Finally, the code in lines 39–44 is basically identical to the same section of code in the previous example. These lines of code fetch all of the rows in the sales
table and print each row to the Command Prompt/Terminal window with a single space between column values.
Now all we need is a CSV input file that contains all of the data we need to update some of the records in our database table. To create the file:
-
Open a spreadsheet.
-
Add the data shown in Figure 4-8.
-
Save the file as data_for_updating.csv.
Now that we have our Python script and CSV input file, let’s use our script and input file to update specific records in our sales
database table. To do so, type the following on the command line and then hit Enter:
python 3db_update_rows.py data_for_updating.csv
Figure 4-9 shows what the output looks like when printed to a Command Prompt window. The first four rows of output (tuples) are the initial data rows, the next two rows (lists) are the data from the CSV file, and the last four rows (lists) are the data from the database table after the rows have been updated.
This output shows the four initial rows of data in the database, followed by the two lists of values to be updated in the database. The two lists of values to be updated show that the new amount
value for Richard Lucas will be 4.25
and the date
value will be 5/11/2014
. Similarly, the new amount
value for Jenny Kim will be 6.75
and the date
value will be 5/12/2014
.
Beneath the two update lists, the output also shows the four rows fetched from the database table after the updates were executed. Each row is printed on a separate line and the values in each row are separated by single spaces. Recall that the original amount
and date
values for Richard Lucas were 2.5
and 2014-01-02
, respectively. Similarly, the original amount and date values for Jenny Kim were 4.15
and 2014-01-15
, respectively. As you can see in the output shown in Figure 4-9, these two values have been updated for Richard Lucas and Jenny Kim to reflect the new values supplied in the CSV input file.
This example demonstrated how to update records in an existing database table at scale by using a CSV input file to supply the data needed to update specific records. Up to this point in the chapter, the examples have relied on Python’s built-in sqlite3
module. We’ve used this module to be able to quickly write scripts that do not rely on a separate, downloaded database like MySQL, PostgreSQL, or Oracle. In the next section, we’ll build on these examples by downloading a database program, MySQL, and learning how to load data into a database table and update records in a database program, as well as write query output to a CSV file. Let’s get started.
MySQL Database
To complete the examples in this section, you need to have the MySQLdb
package, a.k.a. MySQL-python
(Python v2) or mysqlclient
(Python v3).3 This package enables Python to interact with databases and their respective tables, so we will use it to interact with the MySQL database table we create in this section. If you installed Anaconda’s Python, then you already have the package because it’s bundled into the installation. If you installed Python from the Python.org website, then you need to follow the instructions in Appendix A to download and install the package.

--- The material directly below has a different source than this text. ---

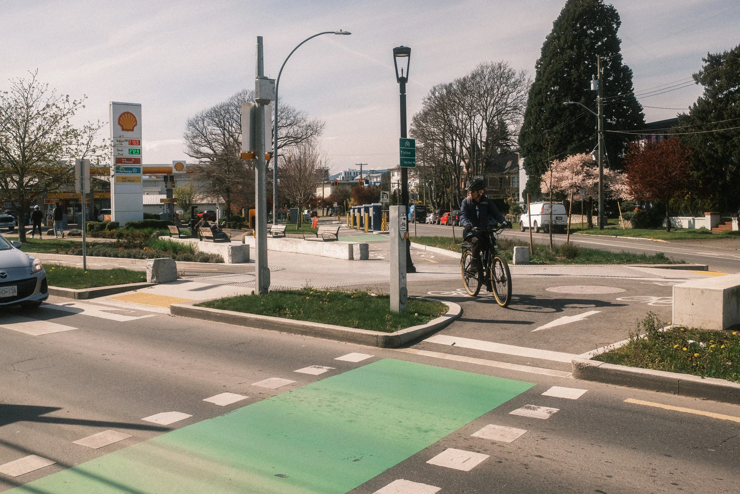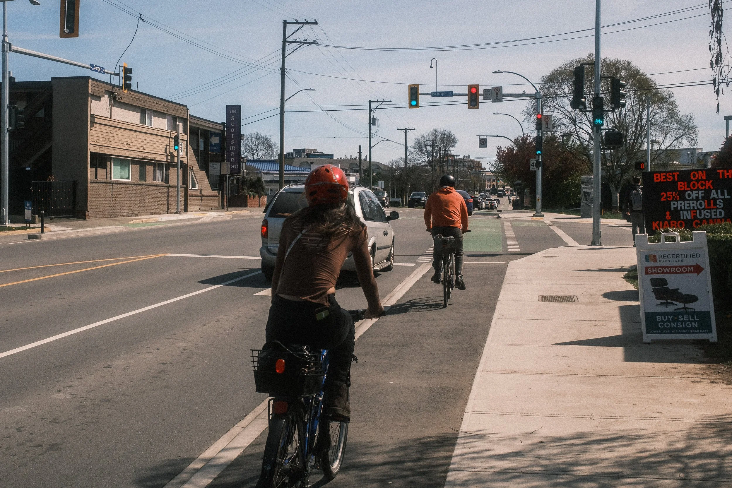 From Harbour Road, you can head across the Selkirk Trestle… Not fun on those small Brompton wheels… And head up to Gorge Road, one of the city’s most recent bike protected lanes. There’s some interesting elements along that corridor, including continuous sidewalks, but I really like that we have locations with separate right-turn lanes, separate right turn signal phases, and no-right-turn-on-red, allowing people on bikes to go through this intersection with less chance of conflict.
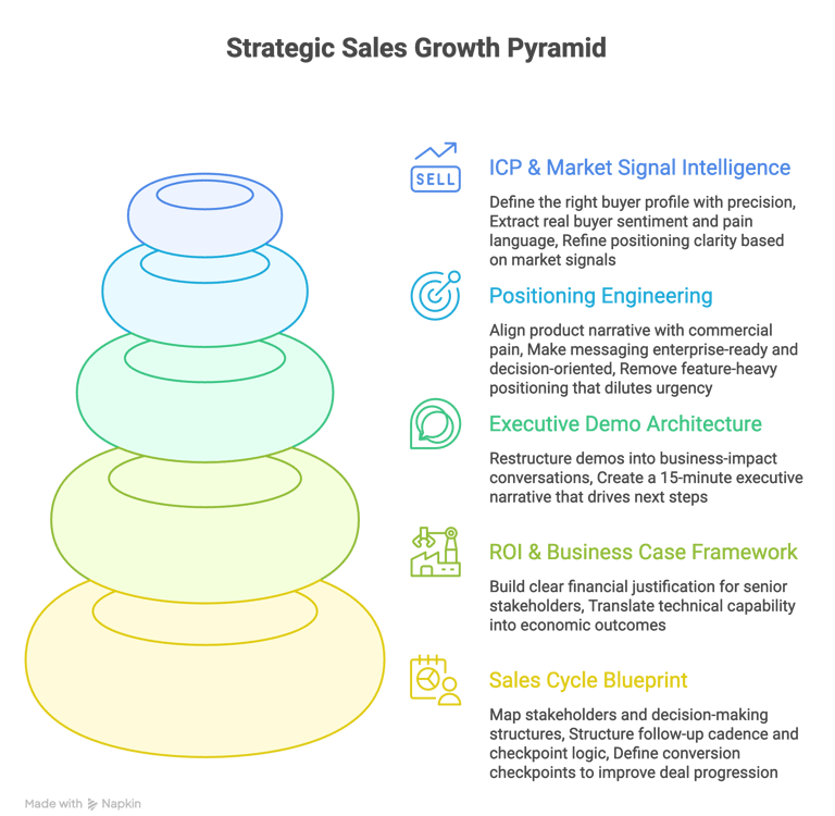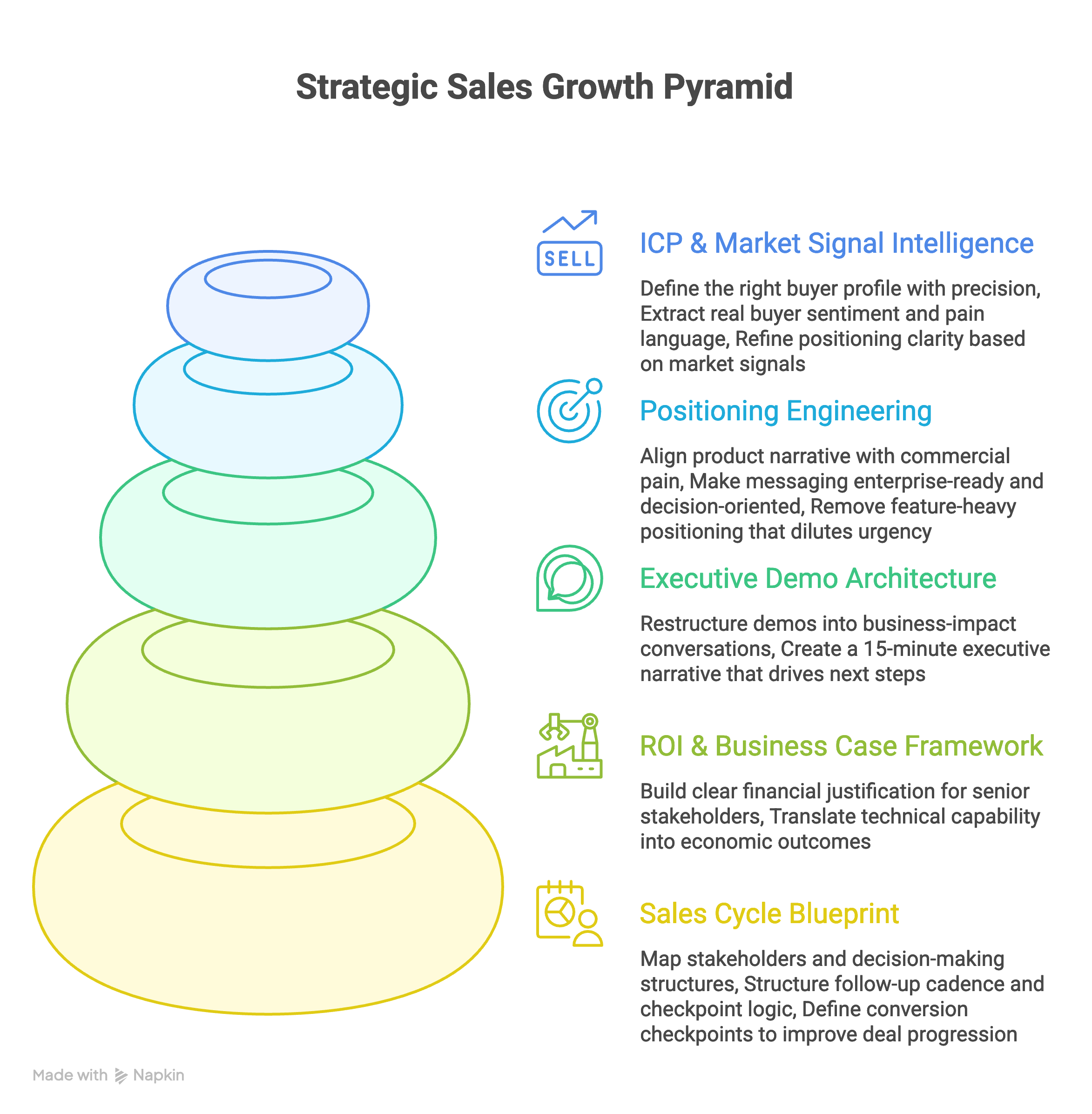 From first cold call to enterprise close, we design and pressure-build the sales architecture funded B2B AI startups need to win complex deals.

As before, in order to work with a database table, we first need to create one:
-
Download the MySQL database program as described in Appendix A.
After you download the MySQL database program, you’ll have access to the MySQL command-line client.
-
Open the MySQL command-line client by entering
mysql
at the command line.Now you are interacting with your MySQL database program with a command-line interface. To begin, let’s view the existing databases in your MySQL database program.
-
To do so, type the following and then hit Enter. Figure 4-10 shows the results on a Windows computer.
SHOW DATABASES;
Notice that the command ended with a semicolon. That’s how MySQL knows that you’re done with the command—if you hit Enter without the semicolon, then MySQL will expect another line of command (you’ll see multi-line commands shortly). If you forget that semicolon, don’t worry; you can type just the semicolon and Enter on the next line and MySQL will execute your command.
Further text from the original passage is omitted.